----- EXCERPTED RECORDS -----

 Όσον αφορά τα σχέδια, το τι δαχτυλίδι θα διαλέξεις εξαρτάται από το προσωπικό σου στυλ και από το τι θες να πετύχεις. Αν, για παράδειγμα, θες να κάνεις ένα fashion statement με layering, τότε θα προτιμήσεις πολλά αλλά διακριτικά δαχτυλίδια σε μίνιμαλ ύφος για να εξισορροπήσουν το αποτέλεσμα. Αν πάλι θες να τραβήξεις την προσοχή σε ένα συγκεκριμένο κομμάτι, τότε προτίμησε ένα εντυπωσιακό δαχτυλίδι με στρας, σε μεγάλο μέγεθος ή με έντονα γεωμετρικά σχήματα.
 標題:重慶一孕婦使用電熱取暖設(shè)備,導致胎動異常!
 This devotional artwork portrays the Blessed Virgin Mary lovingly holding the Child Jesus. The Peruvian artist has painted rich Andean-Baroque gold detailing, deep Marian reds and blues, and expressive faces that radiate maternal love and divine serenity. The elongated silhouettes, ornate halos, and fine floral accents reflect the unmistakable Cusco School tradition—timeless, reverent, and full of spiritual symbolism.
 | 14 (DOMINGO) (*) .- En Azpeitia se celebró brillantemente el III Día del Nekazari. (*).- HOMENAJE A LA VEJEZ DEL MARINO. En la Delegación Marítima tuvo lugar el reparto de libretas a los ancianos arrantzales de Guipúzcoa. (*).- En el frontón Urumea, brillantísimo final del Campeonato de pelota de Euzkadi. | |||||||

-----
----- EXCERPTED RECORDS -----

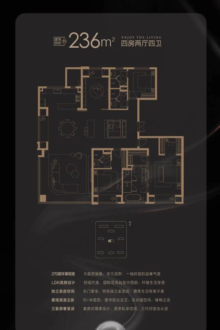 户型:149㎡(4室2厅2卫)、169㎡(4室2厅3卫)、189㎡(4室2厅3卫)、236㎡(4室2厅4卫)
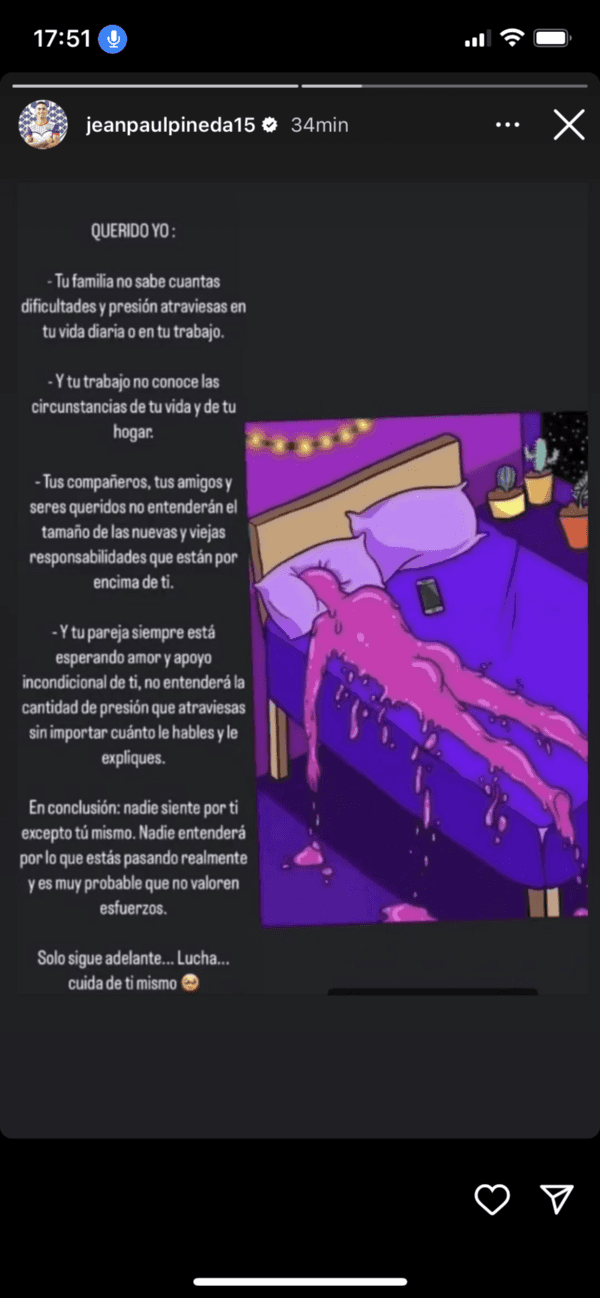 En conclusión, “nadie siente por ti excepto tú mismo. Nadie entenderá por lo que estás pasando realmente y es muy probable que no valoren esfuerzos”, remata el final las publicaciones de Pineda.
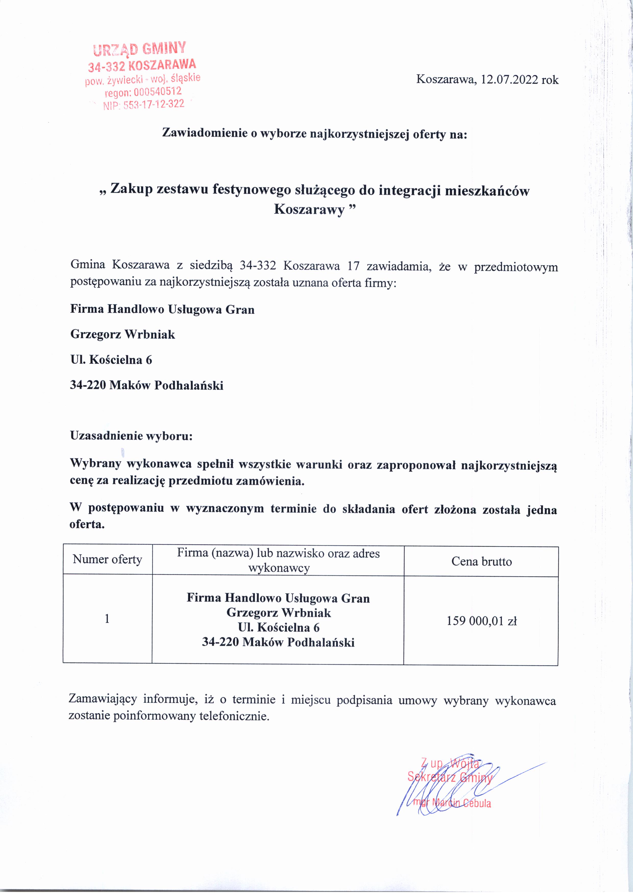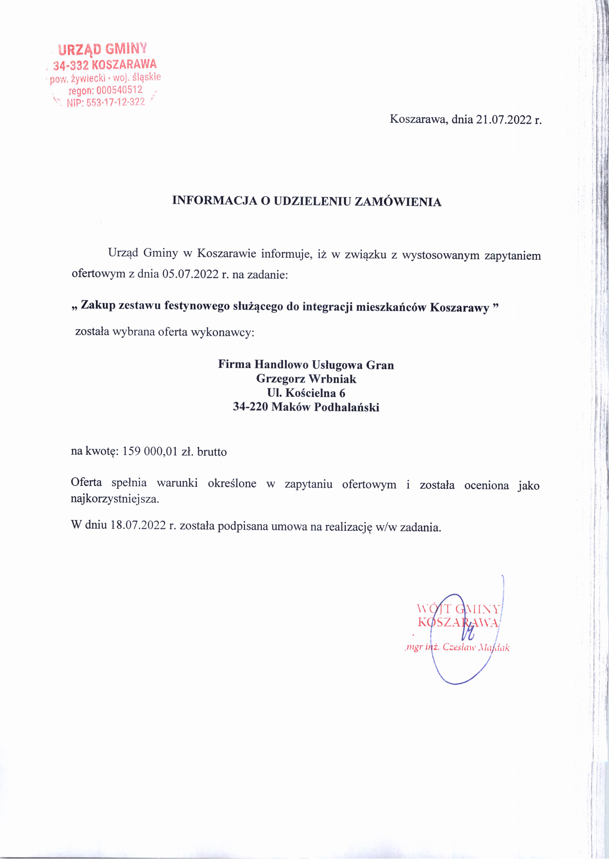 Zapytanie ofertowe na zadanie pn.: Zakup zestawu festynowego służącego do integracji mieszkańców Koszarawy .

-----
----- EXCERPTED RECORDS -----

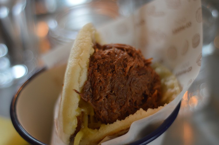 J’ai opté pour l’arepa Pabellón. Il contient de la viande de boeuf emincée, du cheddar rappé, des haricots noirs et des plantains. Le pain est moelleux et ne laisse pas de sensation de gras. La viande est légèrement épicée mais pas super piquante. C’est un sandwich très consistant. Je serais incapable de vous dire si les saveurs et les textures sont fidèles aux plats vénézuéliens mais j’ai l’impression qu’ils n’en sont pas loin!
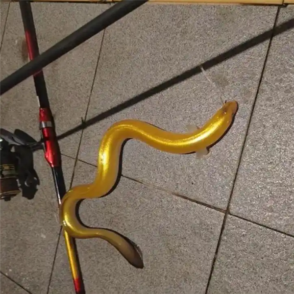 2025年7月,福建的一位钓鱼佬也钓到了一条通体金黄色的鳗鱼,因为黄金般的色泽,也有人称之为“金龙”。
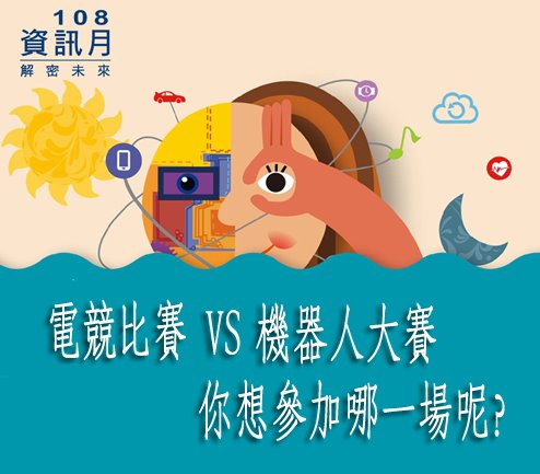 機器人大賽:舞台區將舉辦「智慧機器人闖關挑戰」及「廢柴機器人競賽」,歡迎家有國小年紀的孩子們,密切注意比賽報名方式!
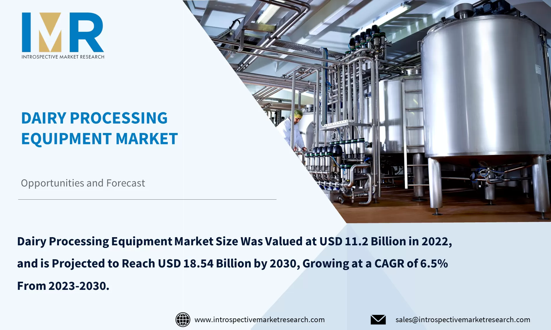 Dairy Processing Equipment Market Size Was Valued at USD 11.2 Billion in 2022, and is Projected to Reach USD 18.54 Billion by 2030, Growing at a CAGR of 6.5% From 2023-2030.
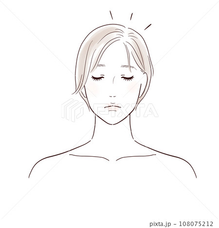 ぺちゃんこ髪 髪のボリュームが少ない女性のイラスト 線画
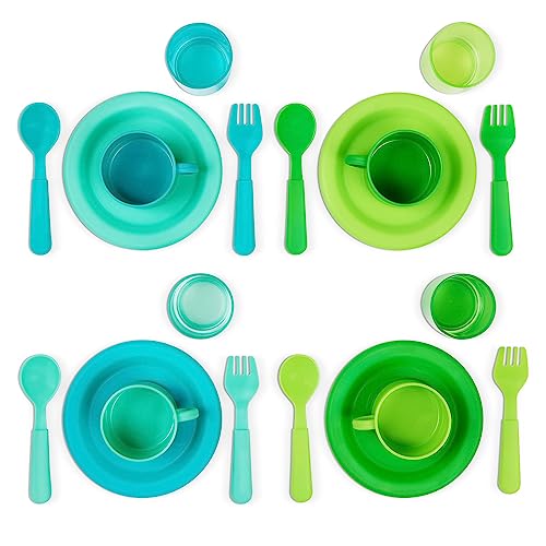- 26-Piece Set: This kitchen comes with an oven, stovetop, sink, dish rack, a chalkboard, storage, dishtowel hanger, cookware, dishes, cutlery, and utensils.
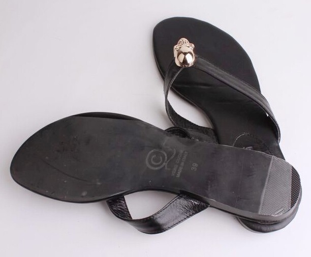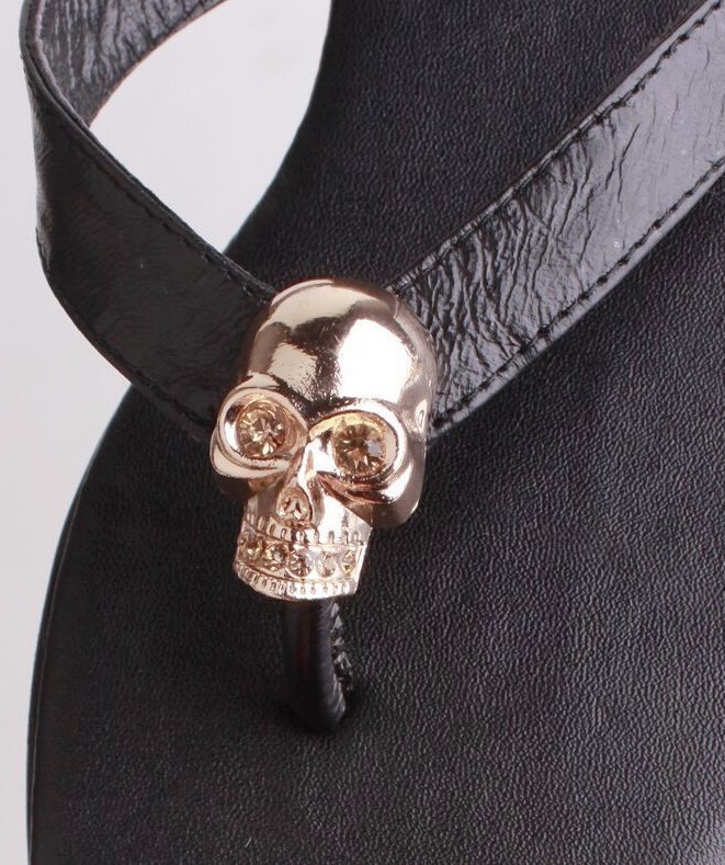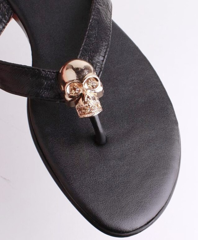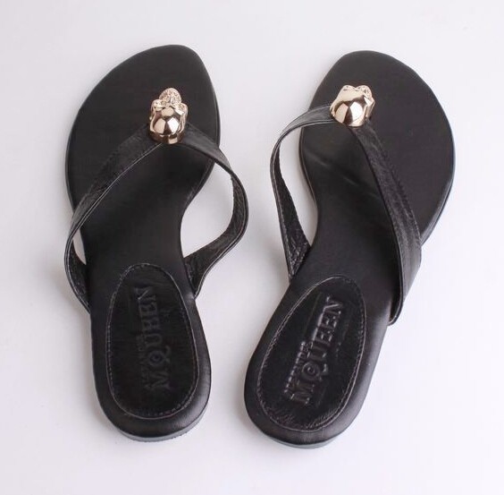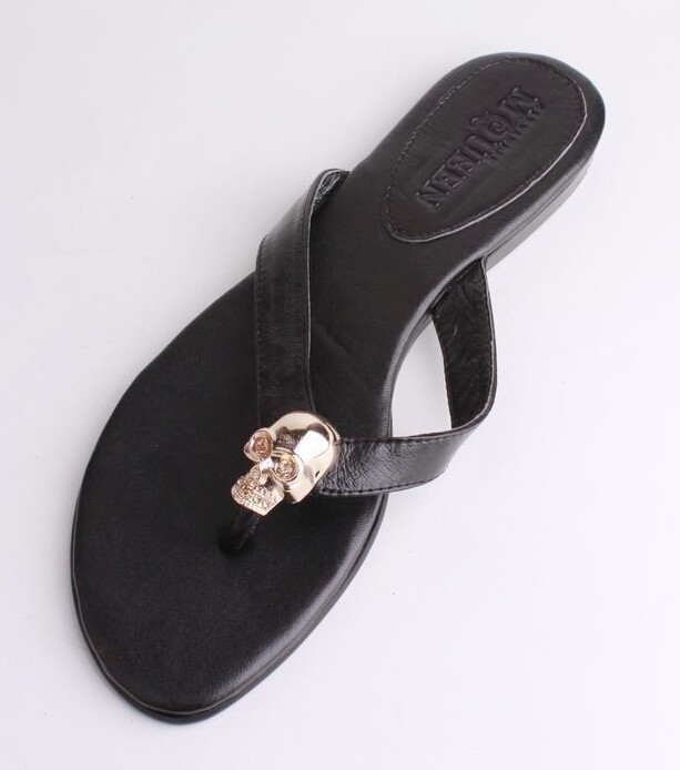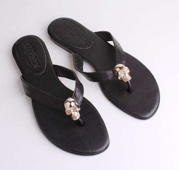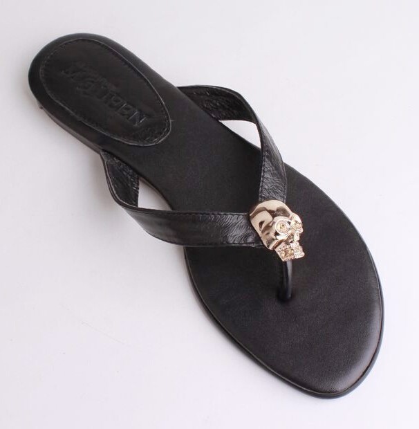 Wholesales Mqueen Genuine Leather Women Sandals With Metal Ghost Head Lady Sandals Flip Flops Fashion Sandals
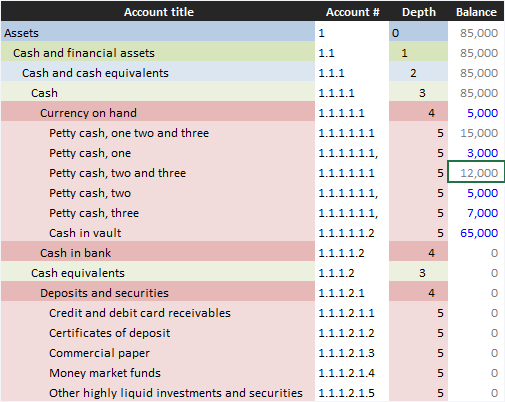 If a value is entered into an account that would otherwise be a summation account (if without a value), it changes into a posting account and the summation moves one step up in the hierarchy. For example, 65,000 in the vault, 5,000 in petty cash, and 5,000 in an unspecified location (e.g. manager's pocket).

-----

What you return must match, character for character, the lines above from the one with "J’ai opté pour" through the one with "If a value is", minus any pictures.

▸ RESULT OF THE EXERCISE:
 J’ai opté pour l’arepa Pabellón. Il contient de la viande de boeuf emincée, du cheddar rappé, des haricots noirs et des plantains. Le pain est moelleux et ne laisse pas de sensation de gras. La viande est légèrement épicée mais pas super piquante. C’est un sandwich très consistant. Je serais incapable de vous dire si les saveurs et les textures sont fidèles aux plats vénézuéliens mais j’ai l’impression qu’ils n’en sont pas loin!
 2025年7月,福建的一位钓鱼佬也钓到了一条通体金黄色的鳗鱼,因为黄金般的色泽,也有人称之为“金龙”。
 機器人大賽:舞台區將舉辦「智慧機器人闖關挑戰」及「廢柴機器人競賽」,歡迎家有國小年紀的孩子們,密切注意比賽報名方式!
 Dairy Processing Equipment Market Size Was Valued at USD 11.2 Billion in 2022, and is Projected to Reach USD 18.54 Billion by 2030, Growing at a CAGR of 6.5% From 2023-2030.
 ぺちゃんこ髪 髪のボリュームが少ない女性のイラスト 線画
- 26-Piece Set: This kitchen comes with an oven, stovetop, sink, dish rack, a chalkboard, storage, dishtowel hanger, cookware, dishes, cutlery, and utensils.
 Wholesales Mqueen Genuine Leather Women Sandals With Metal Ghost Head Lady Sandals Flip Flops Fashion Sandals
 If a value is entered into an account that would otherwise be a summation account (if without a value), it changes into a posting account and the summation moves one step up in the hierarchy. For example, 65,000 in the vault, 5,000 in petty cash, and 5,000 in an unspecified location (e.g. manager's pocket).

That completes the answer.